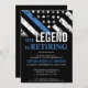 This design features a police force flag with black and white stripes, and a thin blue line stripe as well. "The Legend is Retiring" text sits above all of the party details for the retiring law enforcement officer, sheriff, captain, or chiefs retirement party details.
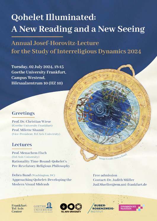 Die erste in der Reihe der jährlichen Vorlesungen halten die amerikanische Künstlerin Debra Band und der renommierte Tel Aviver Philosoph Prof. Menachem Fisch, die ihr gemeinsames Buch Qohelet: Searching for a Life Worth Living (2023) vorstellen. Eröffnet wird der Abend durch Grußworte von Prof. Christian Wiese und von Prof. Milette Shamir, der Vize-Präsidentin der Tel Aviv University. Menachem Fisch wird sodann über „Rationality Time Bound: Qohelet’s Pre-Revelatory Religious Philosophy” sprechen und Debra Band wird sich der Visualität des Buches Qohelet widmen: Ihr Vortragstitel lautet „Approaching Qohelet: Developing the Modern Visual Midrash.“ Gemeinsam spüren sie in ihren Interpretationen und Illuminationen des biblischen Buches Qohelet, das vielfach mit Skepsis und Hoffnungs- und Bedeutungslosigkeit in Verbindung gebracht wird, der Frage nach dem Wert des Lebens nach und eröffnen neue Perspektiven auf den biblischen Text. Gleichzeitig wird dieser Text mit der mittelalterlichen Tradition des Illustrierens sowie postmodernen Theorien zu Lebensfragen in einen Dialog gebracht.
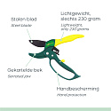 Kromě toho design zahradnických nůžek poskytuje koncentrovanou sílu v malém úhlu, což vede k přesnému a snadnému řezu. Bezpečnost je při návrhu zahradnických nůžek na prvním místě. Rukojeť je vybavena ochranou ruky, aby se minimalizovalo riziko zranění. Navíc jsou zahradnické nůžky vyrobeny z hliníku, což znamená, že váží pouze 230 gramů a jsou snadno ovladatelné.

● ● ● ●

EXERCISE OBJECTIVE:
Make an exact copy of the listing, with no images in it.

TASK ANSWER:
 This design features a police force flag with black and white stripes, and a thin blue line stripe as well. "The Legend is Retiring" text sits above all of the party details for the retiring law enforcement officer, sheriff, captain, or chiefs retirement party details.
 Die erste in der Reihe der jährlichen Vorlesungen halten die amerikanische Künstlerin Debra Band und der renommierte Tel Aviver Philosoph Prof. Menachem Fisch, die ihr gemeinsames Buch Qohelet: Searching for a Life Worth Living (2023) vorstellen. Eröffnet wird der Abend durch Grußworte von Prof. Christian Wiese und von Prof. Milette Shamir, der Vize-Präsidentin der Tel Aviv University. Menachem Fisch wird sodann über „Rationality Time Bound: Qohelet’s Pre-Revelatory Religious Philosophy” sprechen und Debra Band wird sich der Visualität des Buches Qohelet widmen: Ihr Vortragstitel lautet „Approaching Qohelet: Developing the Modern Visual Midrash.“ Gemeinsam spüren sie in ihren Interpretationen und Illuminationen des biblischen Buches Qohelet, das vielfach mit Skepsis und Hoffnungs- und Bedeutungslosigkeit in Verbindung gebracht wird, der Frage nach dem Wert des Lebens nach und eröffnen neue Perspektiven auf den biblischen Text. Gleichzeitig wird dieser Text mit der mittelalterlichen Tradition des Illustrierens sowie postmodernen Theorien zu Lebensfragen in einen Dialog gebracht.
 Kromě toho design zahradnických nůžek poskytuje koncentrovanou sílu v malém úhlu, což vede k přesnému a snadnému řezu. Bezpečnost je při návrhu zahradnických nůžek na prvním místě. Rukojeť je vybavena ochranou ruky, aby se minimalizovalo riziko zranění. Navíc jsou zahradnické nůžky vyrobeny z hliníku, což znamená, že váží pouze 230 gramů a jsou snadno ovladatelné.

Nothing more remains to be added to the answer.